After a career spanning 1960 to the present, Jane Fonda may be entitled to be called an icon or Hollywood royalty. But when the two-time Oscar winner, author, heath and fitness entrepreneur, activist and humanitarian was in Boston recently to be feted by the independent, non-profit Coolidge Corner Theater, she was the opposite of regal.

Yes, Fonda dressed in elegant, bejeweled black and exuded a classy professionalism. But she engaged with audiences at a fundraising dinner and at  a screening of her latest film Youth,  did an hour-long, one-on-one interview from the theater stage at the awards event, and generally seemed to enjoy mixing with admirers and journalists as she answered questions ranging from from her own movies to politics to aging.

Fonda was honored with The Coolidge Award for Excellence in Film, which has been given out periodically since it was launched in 2004. Past winners include Meryl Streep, film editor Thelma Schoonmaker, and Viggo Mortensen. Fonda made it clear that she wasn’t doing all this because she needed another award; she was there to support the Coolidge, a beloved art deco palace that years ago was saved from demolition and has emerged as a major New England arts institution.
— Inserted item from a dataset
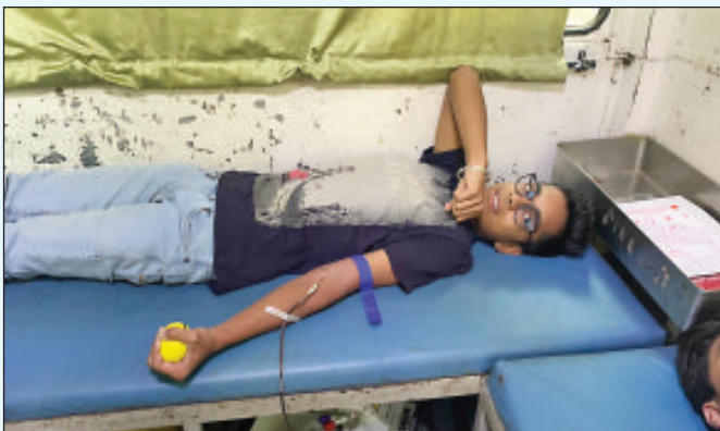
Blood donation drive

As part of Foundation Day celebration, the NSS Unit, in association with the Legal Aid Clinic Committee a Blood Donation camp was organized on August 19, 2019 on the campus. About 59 students donated blood during the camp. In association with the Legal Aid Committee, the NSS Unit also organized a plantation drive on the same day on the campus. About 28 saplings were planted on the campus.

“I spent 20 years in Atlanta, which is home to the Fox Theater,” said Fonda. “It’s an extraordinary, historic building that was going to be torn down and which was saved, so I know what it means to preserve a place like the Coolidge. It’s easy to see movies at home but movies are a social event and I like to go to beautiful theaters.”

Fonda appeared onstage for sit down, wide-ranging, informal talk with Boston public radio host Margery Eagan. It began with a clip reel of Fonda’s career highlights spanning the early 1960s to her current Netflix original series Grace and Frankie, which returns May 6 for a second season. Pre-production on season three already is underway.

Fonda said she’s still surprised by the wide appeal of Grace and Frankie, about two very different women — uptight Grace (Fonda) and hippie Frankie (Lily Tomlin) — whose lives are upended when their husbands, played Martin Sheen and Sam Waterston, announce that they’re a gay couple. Fonda assured the crowd that season two is even better than the debut season, and that audiences will see a deepening friendship between Grace and Frankie. One of the reasons Fonda wanted to star in the series, she said, was “to give a cultural face to older women.”

She revealed that besides her work on Grace and Frankie, she will soon start shooting the movie Our Souls at Night with friend and frequent co-star Robert Redford. Fonda says their 1967 film Barefoot in the Park remains one of the most cherished experiences of her long career.

But picking a favorite role is a bit like picking a favorite child, she said. She’s proud of Klute, the seminal 1971 thriller for which Fonda won an Oscar for her starring role as a disillusioned call girl. She had great chemistry with director Alan Pakula; they would reunite for Comes a Horseman (1978) and Rollover (1981).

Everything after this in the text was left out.